Abstract:Text-based AI system optimization typically involves a feedback loop scheme where a single LLM generates an evaluation in natural language of the current output to improve the next iteration's output. However, in this work, we empirically demonstrate that for a practical and complex task (code generation) with multiple criteria to evaluate, utilizing only one LLM evaluator tends to let errors in generated code go undetected, thus leading to incorrect evaluations and ultimately suboptimal test case performance.

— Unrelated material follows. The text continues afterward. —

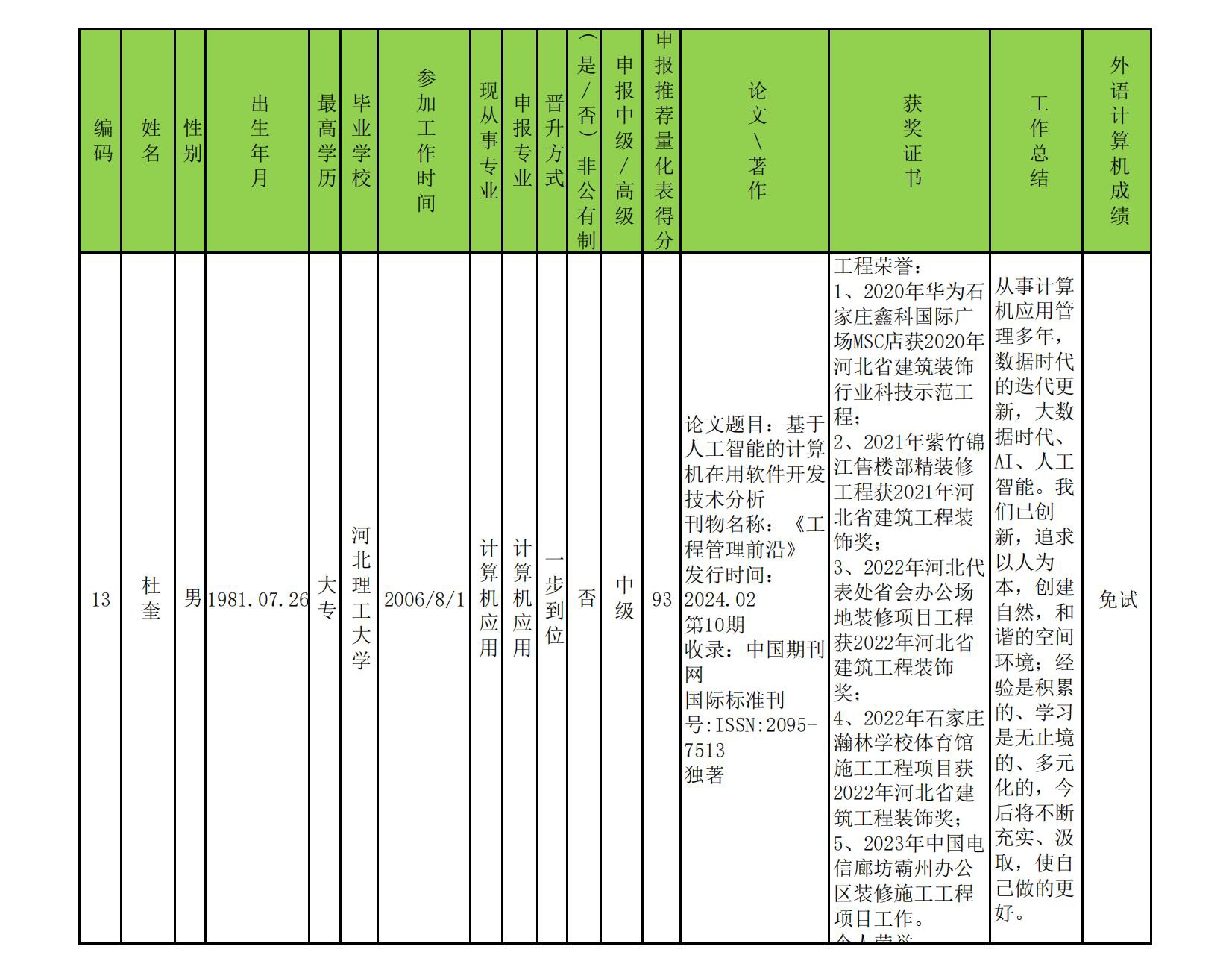 2024年中、高級職稱評審、推薦人選公示

Motivated by this failure case, we assume there exists an optimal evaluation policy that samples an evaluation between response and ground truth. We then theoretically prove that a linear combination of multiple evaluators can approximate this optimal policy. From this insight, we propose AI system optimization via Multiple LLM Evaluators (AIME). AIME is an evaluation protocol that utilizes multiple LLMs that each independently generate an evaluation on separate criteria and then combine them via concatenation. We provide an extensive empirical study showing AIME outperforming baseline methods in code generation tasks, with up to $62\%$ higher error detection rate and up to $16\%$ higher success rate than a single LLM evaluation protocol on LeetCodeHard and HumanEval datasets. We also show that the selection of the number of evaluators and which criteria to utilize is non-trivial as it can impact pact success rate by up to $12\%$.